La pubblicazione di immagini di individui indagati, introdotte a corredo di un articolo di cronaca giudiziaria attinente a fatti di rilevante interesse pubblico, non costituisce trattamento illecito di dati personali né lesione della dignità, a condizione che l’informazione risulti essenziale, rispettosa dei dettami deontologici del giornalismo e le immagini non siano umilianti o segnaletiche nel senso tecnico del termine.
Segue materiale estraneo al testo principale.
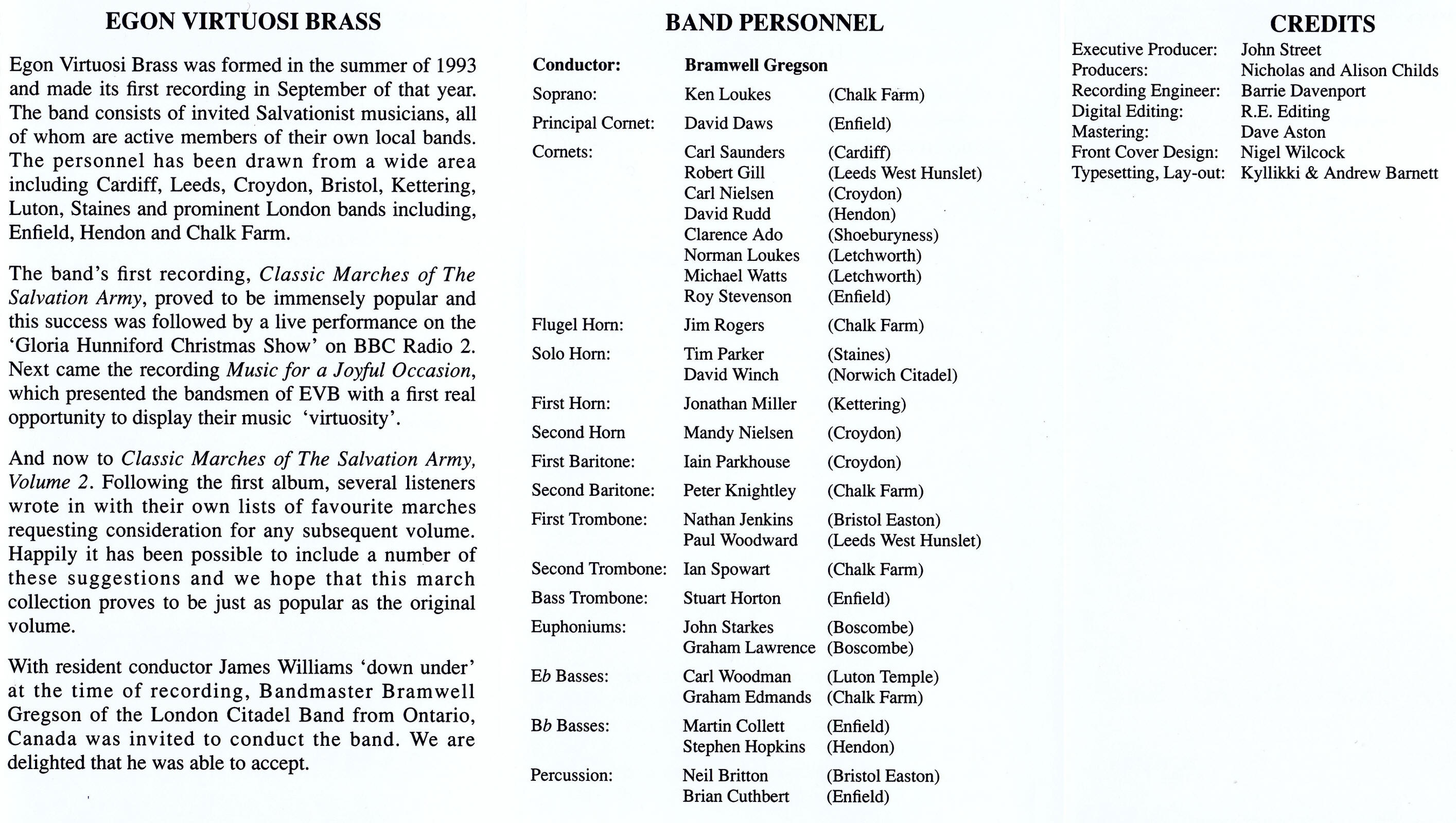 Stapleford Citadel Egon Virtuosi Band Bramwell Gregson Charles Dove

In questo senso si è espressa la Prima Sezione Civile della Corte di Cassazione (sentenza n. 20387 del 21 luglio 2025).

Bilanciamento tra privacy e diritto di cronaca

La sentenza resa dalla Prima Sezione Civile della Corte Suprema di Cassazione (n. 20387 del 21 luglio 2025) interviene sulla questione del trattamento dei dati personali nel contesto dell’attività giornalistica, in particolare della cronaca giudiziaria.

La vicenda origina da un provvedimento del Garante per la protezione dei dati personali che aveva impedito la pubblicazione di fotografie relative a soggetti indagati, ritenendo il trattamento illecito ai sensi del Regolamento UE 2016/679 (GDPR) e del Codice della Privacy italiano.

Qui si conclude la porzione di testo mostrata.